++++ The data ++++

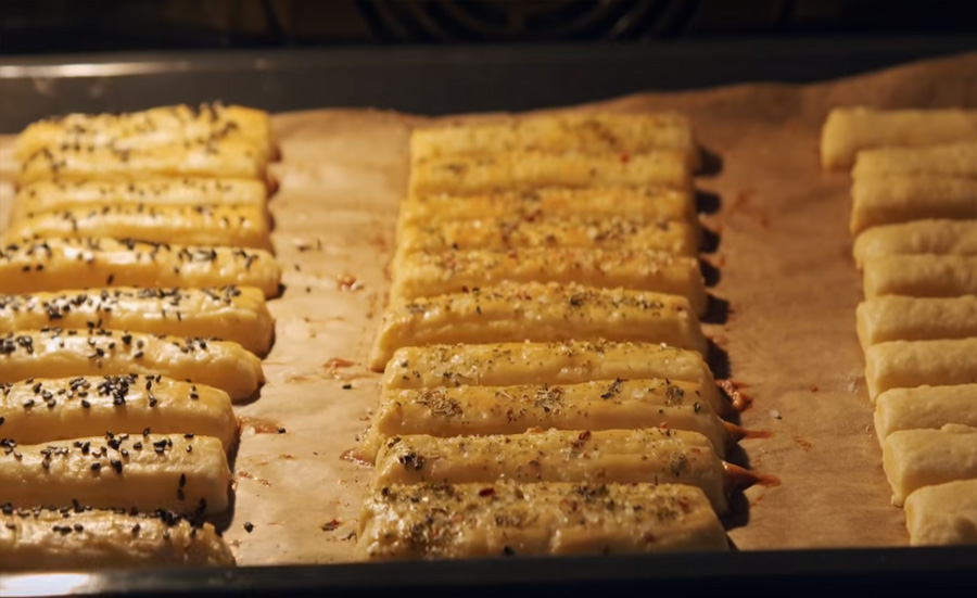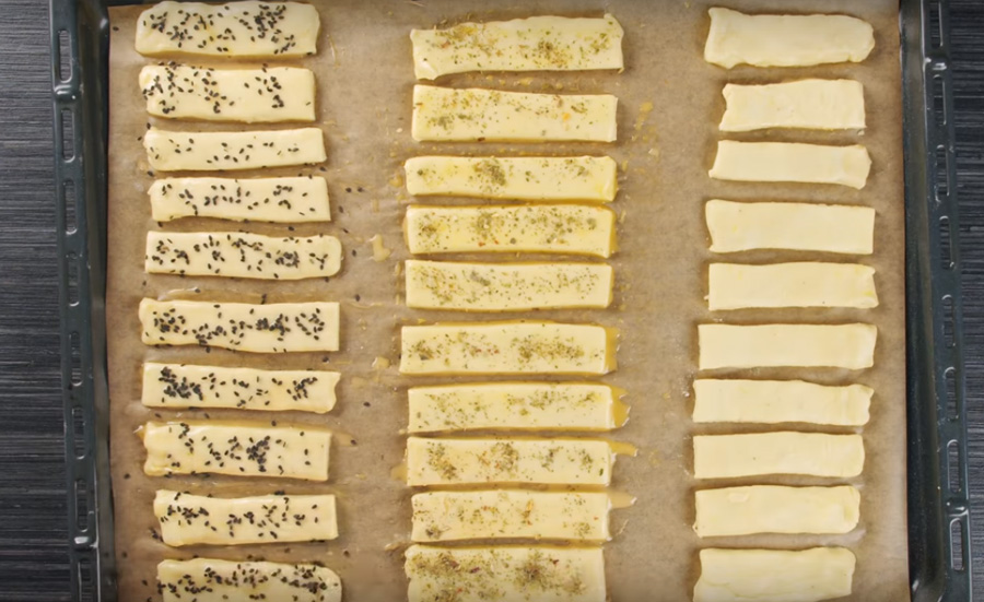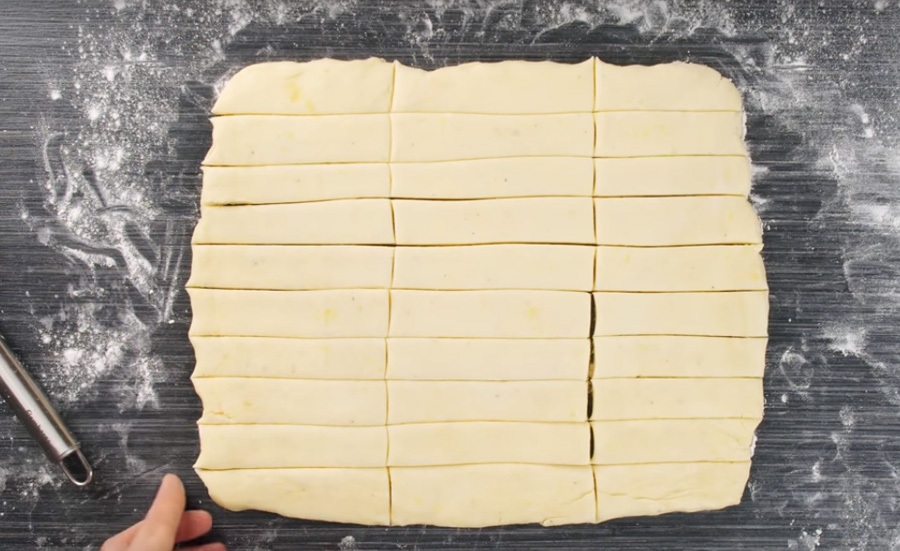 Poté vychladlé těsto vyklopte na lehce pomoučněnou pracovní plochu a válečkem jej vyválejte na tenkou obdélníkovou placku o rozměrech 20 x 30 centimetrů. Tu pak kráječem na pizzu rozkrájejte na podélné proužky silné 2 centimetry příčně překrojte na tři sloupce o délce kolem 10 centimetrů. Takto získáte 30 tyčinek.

++++
++++ The data ++++

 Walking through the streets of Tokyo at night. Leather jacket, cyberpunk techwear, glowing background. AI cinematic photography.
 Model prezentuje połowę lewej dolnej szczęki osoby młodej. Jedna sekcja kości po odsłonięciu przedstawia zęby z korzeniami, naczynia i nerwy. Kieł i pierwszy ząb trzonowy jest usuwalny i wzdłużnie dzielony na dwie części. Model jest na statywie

++++

- **Work item**:
In the entries above, the lines between the one holding "Walking through the" and the one holding "Model prezentuje połowę", inclusive, are to be printed exactly as written, and those alone.

- **Response for this exercise**:
 Walking through the streets of Tokyo at night. Leather jacket, cyberpunk techwear, glowing background. AI cinematic photography.
 Model prezentuje połowę lewej dolnej szczęki osoby młodej. Jedna sekcja kości po odsłonięciu przedstawia zęby z korzeniami, naczynia i nerwy. Kieł i pierwszy ząb trzonowy jest usuwalny i wzdłużnie dzielony na dwie części. Model jest na statywie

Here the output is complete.